## What is needed
Starting with the first line below, extract each line through the one that contains "5.次の画面が表示されたら、", inclusive, excluding pictures.

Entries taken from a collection
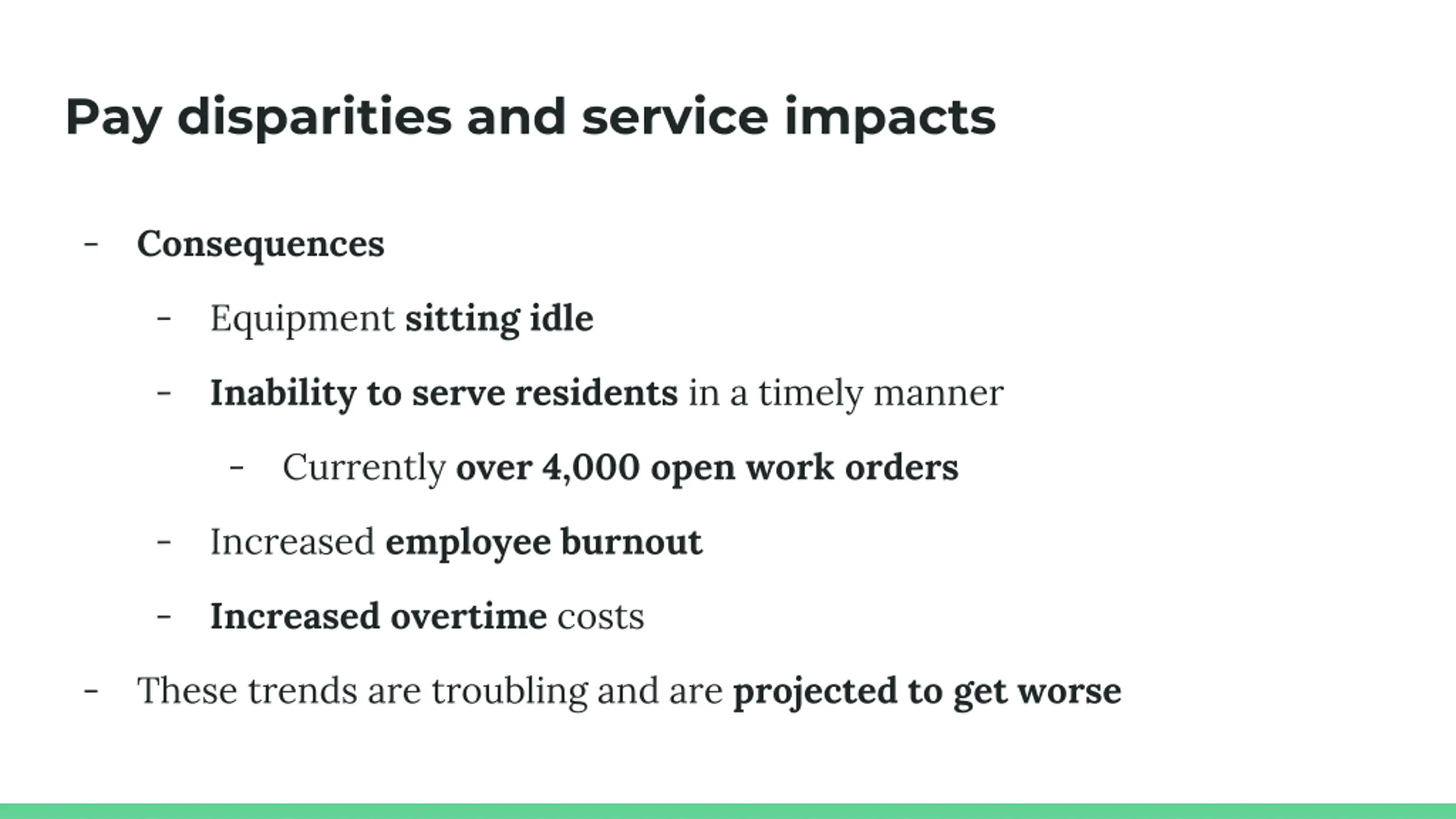 Pay disparities and service impacts - Consequences - Equipment sitting idle - Inability to serve residents in a timely manner - Currently over 4,000 open work orders - Increased employee burnout - Increased overtime costs - These trends are troubling and are projected to get worse
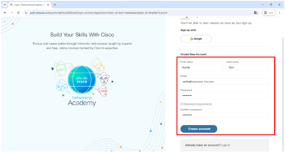 5.次の画面が表示されたら、ご自分の氏名とメールアドレス、任意のパスワードを入力し、「Create account」ボタンをクリックします。
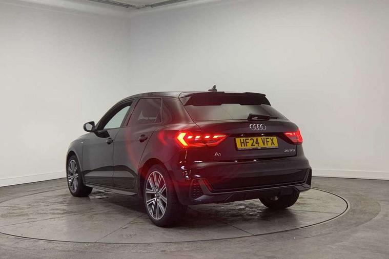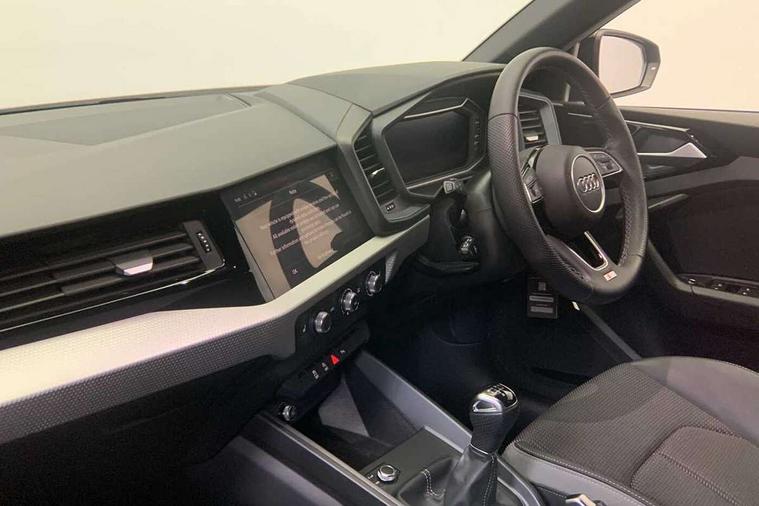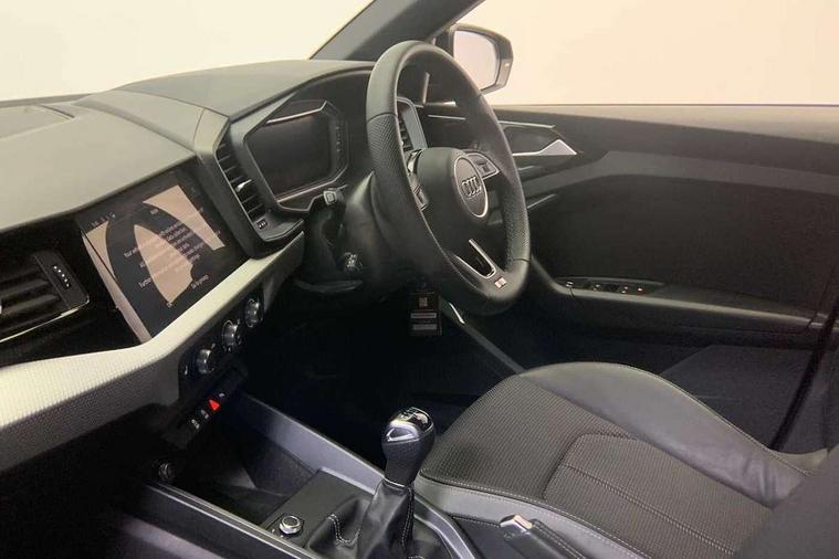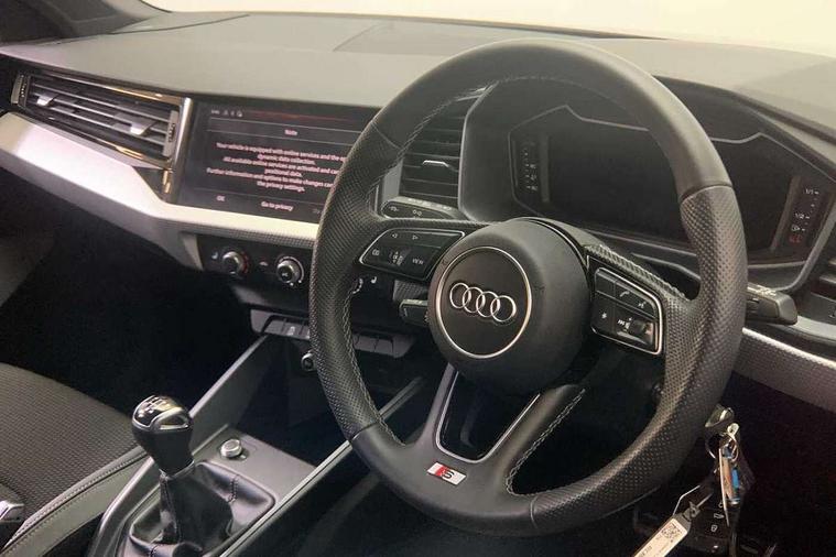 10.25" Digital instrument cluster display classis style instrument dials + speed, odometer, time, outside temperature, telephone menu + fuel level warning, Advanced driver attention and drowsiness monitor, Audi remote connect and control, Audi smartphone interface, Bluetooth interface, Camera based traffic sign recognition, Cruise control, Driver's information system, Electromechanical power steering, Emergency e-call, Lane departure warning system, Rear parking sensor, Service interval indicator, Speed limiter, Start stop system with recuperation, Voice control system, Washer fluid level indicator, Sports suspension, 2 x USB type C connection points, 6 loudspeakers, DAB Digital radio, MMI radio plus with 10.1" colour MMI display screen and MMI touch, Auto dimming rear view mirror, Body coloured door mirrors, Door sill trims with aluminium inlays and S line logo in front, Electric front and rear windows, Electrically adjustable, heated, folding door mirrors with integrated LED side indicator, Front side air inlets in grained matt black and C frame in anthracite black, Headlight cleaning system, Heat insulating glass windscreen and side windows, Heated rear windscreen, High level LED brake light, LED daytime running lights, LED headlights with range control LED rear lights + dynamic rear indicators, Privacy glass, Radiator grille and rear diffuser in matt anthracite black, Radiator protective grille frame in matt aluminium silver, Rain and light sensors, Rear fog lights, Rear side wing doors, Rear wiper, S line badges on front wings, Side front spoiler lips in grained matt black, 12V socket in centre console with two cup holders, 3 rear seats with headrests, 3 seat bench in 2nd row, 3 spoke leather multi-function plus steering wheel features S badging and grips in perforated leather with contrast stitching, 40:60 Split folding rear seat or fully collapsed, Black cloth headlining, Black velour floor mats, Front and rear velour black floor mats with contrast stitching in fine silver, Front head restraints, Front passenger seat, Height and reach adjustable steering wheel, Interior lighting includes roof module, front and rear reading lights and right luggage compartment lighting, ISOFIX child seat mounting for front passenger and outer rear seats including top tether attachment point of outer rear seats, Leather gear knob with aluminium trim, Leather handbrake grip, Manual air conditioning, Manual height adjustable for driver and front passenger seat, Manually adjustable lumbar support in front seats, Stainless steel pedals, Ambient lighting package - A1, Luggage compartment pack - A1, S line exterior styling pack - A1 Sportback, 3x3 point rear seatbelts, Audi pre-sense front with pedestrain and cyclist recognition, Brake assist function, Driver and front passenger airbag with front side and head airbags, Electronic Stability Control including ABS, EBD, ASR and EDL, Front passenger airbag deactivation switch, Hill hold assist, Manual rear child locks, Seatbelt height adjustment for front seats, Seatbelt monitoring, Tyre pressure loss indicator, Warning triangle and first aid kit, Anti theft alarm, Anti theft wheel bolts, Immobiliser, Remote control key with safelock, Aluminium trim for control switches, air vents and digital instrument cluster, Black dashboard, Silver grey inlays polygon structure in diamond paint finish, Structured grey accent surfaces insert of air vents, interior door handle recesses and centre console in quartz paint finish,
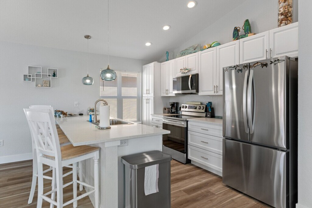 The advertised rate of $5,285/month is the lowest available price, based on a 30 day(s) stay with a move-in date of May 4, 2026. Rates vary depending on the duration of stay, season, and other parameters. For exact pricing and additional pricing components, please visit our website and enter your desired move-in and move-out dates. The rate is applicable when billed upfront; it can be higher if billed in multiple payments. Feel at home in this spacious 2-bedroom, 2-bathroom villa, offering everything you need for a relaxing vacation. The master bedroom features a king-size bed, while the second bedroom has two queen-size beds, accommodating up to six people. The master bathroom includes a comfortable stand-alone tub and a spacious shower. Enjoy entertainment with a smart TV in the master bedroom and a large smart TV in the living room. The kitchen is fully stocked, and there is a gas barbecue on ground level. The enormous porch features an outdoor dining area. Underneath the villa, there is ample room to park your cars and trailer. The villa is situated in a gated community with its own marina, fishing pier, and boat ramp for renters of boat slips. The community pool is just a short walk from the villa. There are plenty of restaurants nearby. The villa is located in a gated community. There is free Wi-Fi throughout the house (1 GB). [SI]
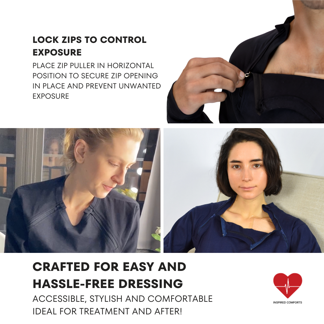 [Thoughtfully designed for chemotherapy] This shirt features dual zippers, allowing for easy access to chest ports and PICC lines. It includes a specially placed lining to ensure no contact between the zipper and your skin, keeping you as comfortable as possible during treatment.
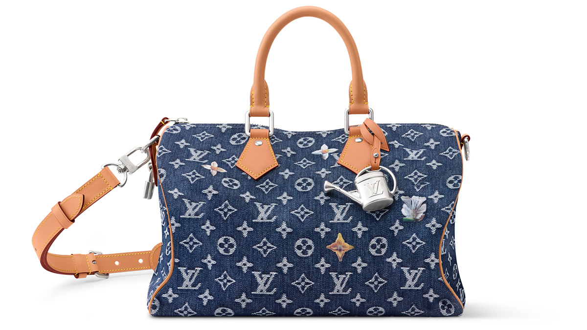 モノグラム·フラワー デニムに、レザーのトリミングとトップハンドルでアクセントを添えた「スピーディ·バンドリエール 30」。ジョウロのチャームが夏らしい雰囲気を引き立てる。
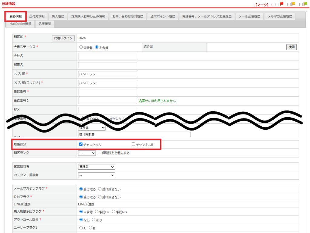[顧客情報]タブを開いた後、「販路区分」を選択してください。
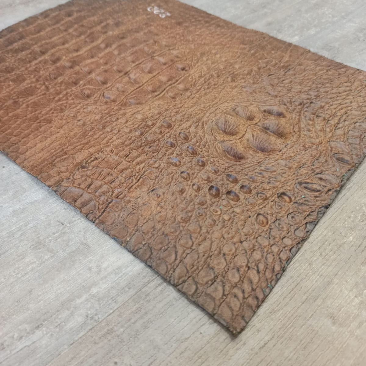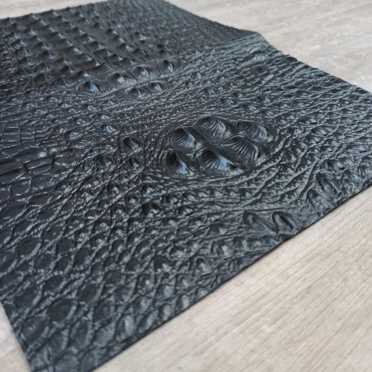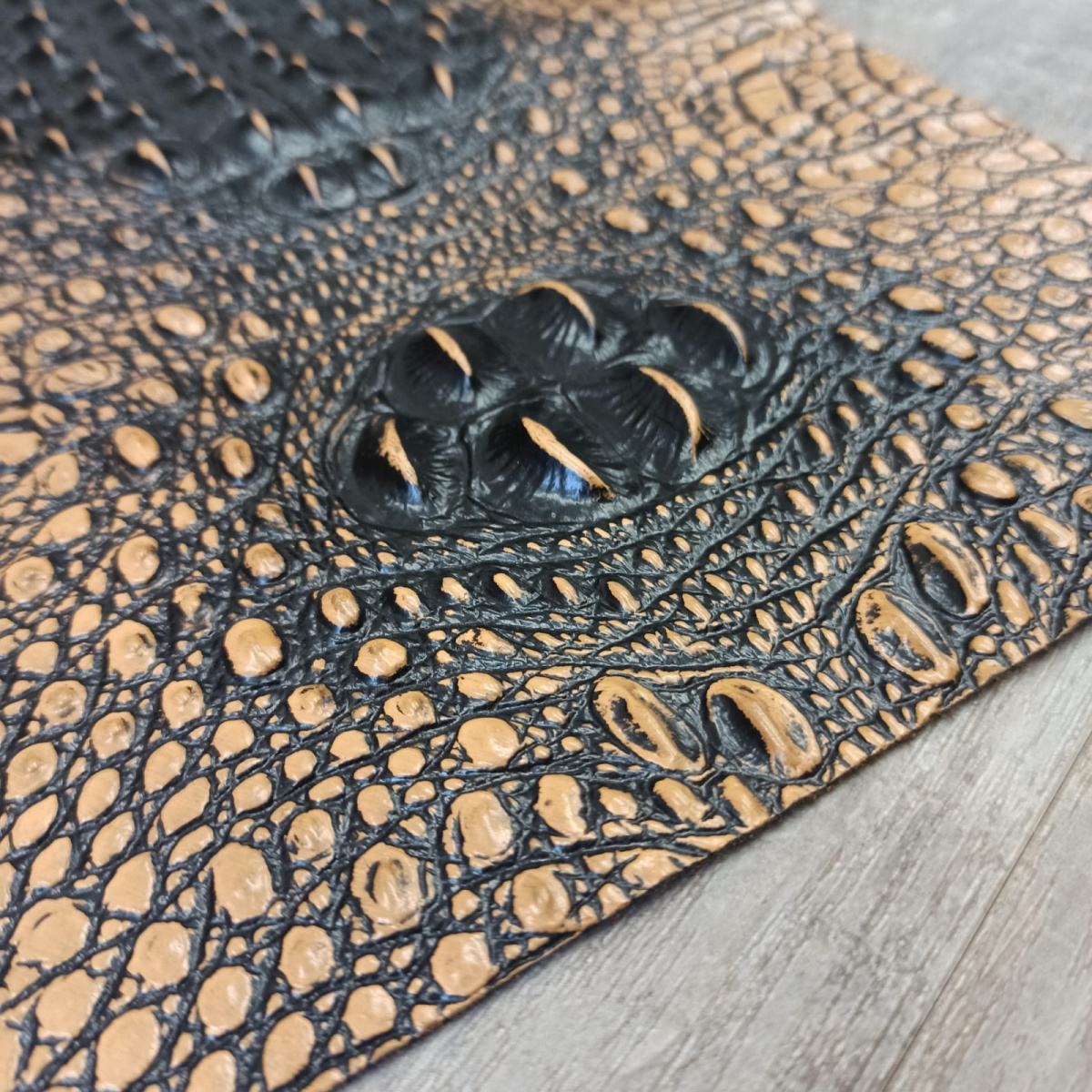 Кожа Крс с тиснением под крокодила галантерейной выделки - отличная находка для творческих кожевников. Экзотическую натуральную кожу в форматах используют для пошива мелких галантерейных изделий - часовых ремешков, браслетов, чехлов телефонов, ножен и др., а также для аппликаций и декора на кошельки, портмоне, сумки.

## Answer area
 Pay disparities and service impacts - Consequences - Equipment sitting idle - Inability to serve residents in a timely manner - Currently over 4,000 open work orders - Increased employee burnout - Increased overtime costs - These trends are troubling and are projected to get worse
 5.次の画面が表示されたら、ご自分の氏名とメールアドレス、任意のパスワードを入力し、「Create account」ボタンをクリックします。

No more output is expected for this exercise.